Data shown:
╭──

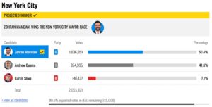 Cho đến thời điểm này, theo dự đoán của CNN thì Zohran Mamdani thuộc đảng Dân chủ bị coi là theo “xã hội chủ nghĩa dân chủ”, 34 tuổi, người tập trung vào các vấn đề của giai cấp công nhân và sức hút cá nhân, đã đưa một chiến dịch tranh cử từng bị đánh giá thấp, trở thành tâm điểm chú ý trên toàn quốc, đã giành chiến thắng trong cuộc bầu cử thị trưởng NYC.
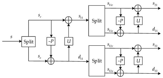 The lifting scheme wavelet transform (LSWT) is based on the traditional Laurent polynomial and Euclidean algorithm. By improving wavelet and scaling functions with known characteristics, a new set of wavelet and scaling functions with certain desired characteristics are obtained. The lifting scheme algorithm uses a simple and effective way to construct biorthogonal wavelets. First, basic polynomial interpolation is used to obtain the high-frequency components of the information, and then a scaling function is constructed to obtain the low-frequency components. The theme of this LSWT algorithm is to decompose the existing wavelet filter into basic building blocks and then complete the wavelet transform according to the corresponding steps. LSWT divides the wavelet transform into three steps: Split, Predict, and Update. The two-stage decomposition is shown in Figure 1.
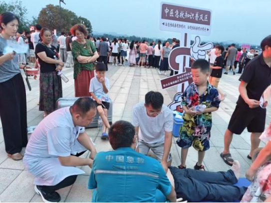 互动环节活力迸发。八段锦教学区,专业医师带领市民舒展筋骨,古老功法在夜色中焕发生机。急救知识普及区吸引众多家庭驻足,医护人员手把手传授实用急救技能。儿科特色治疗体验区成为孩子们的乐园:专业义诊、科普讲解、轻柔推拿、趣味穴位贴敷,参与游戏后还能获得特制中药棒棒糖或消食膏,欢声笑语中播撒传承种子。直播捕捉的精彩瞬间也带动线上“云学习”热潮。

╰──

About this task: Reproduce the listing exactly, but omit every picture in it.

Task result:
 Cho đến thời điểm này, theo dự đoán của CNN thì Zohran Mamdani thuộc đảng Dân chủ bị coi là theo “xã hội chủ nghĩa dân chủ”, 34 tuổi, người tập trung vào các vấn đề của giai cấp công nhân và sức hút cá nhân, đã đưa một chiến dịch tranh cử từng bị đánh giá thấp, trở thành tâm điểm chú ý trên toàn quốc, đã giành chiến thắng trong cuộc bầu cử thị trưởng NYC.
 The lifting scheme wavelet transform (LSWT) is based on the traditional Laurent polynomial and Euclidean algorithm. By improving wavelet and scaling functions with known characteristics, a new set of wavelet and scaling functions with certain desired characteristics are obtained. The lifting scheme algorithm uses a simple and effective way to construct biorthogonal wavelets. First, basic polynomial interpolation is used to obtain the high-frequency components of the information, and then a scaling function is constructed to obtain the low-frequency components. The theme of this LSWT algorithm is to decompose the existing wavelet filter into basic building blocks and then complete the wavelet transform according to the corresponding steps. LSWT divides the wavelet transform into three steps: Split, Predict, and Update. The two-stage decomposition is shown in Figure 1.
 互动环节活力迸发。八段锦教学区,专业医师带领市民舒展筋骨,古老功法在夜色中焕发生机。急救知识普及区吸引众多家庭驻足,医护人员手把手传授实用急救技能。儿科特色治疗体验区成为孩子们的乐园:专业义诊、科普讲解、轻柔推拿、趣味穴位贴敷,参与游戏后还能获得特制中药棒棒糖或消食膏,欢声笑语中播撒传承种子。直播捕捉的精彩瞬间也带动线上“云学习”热潮。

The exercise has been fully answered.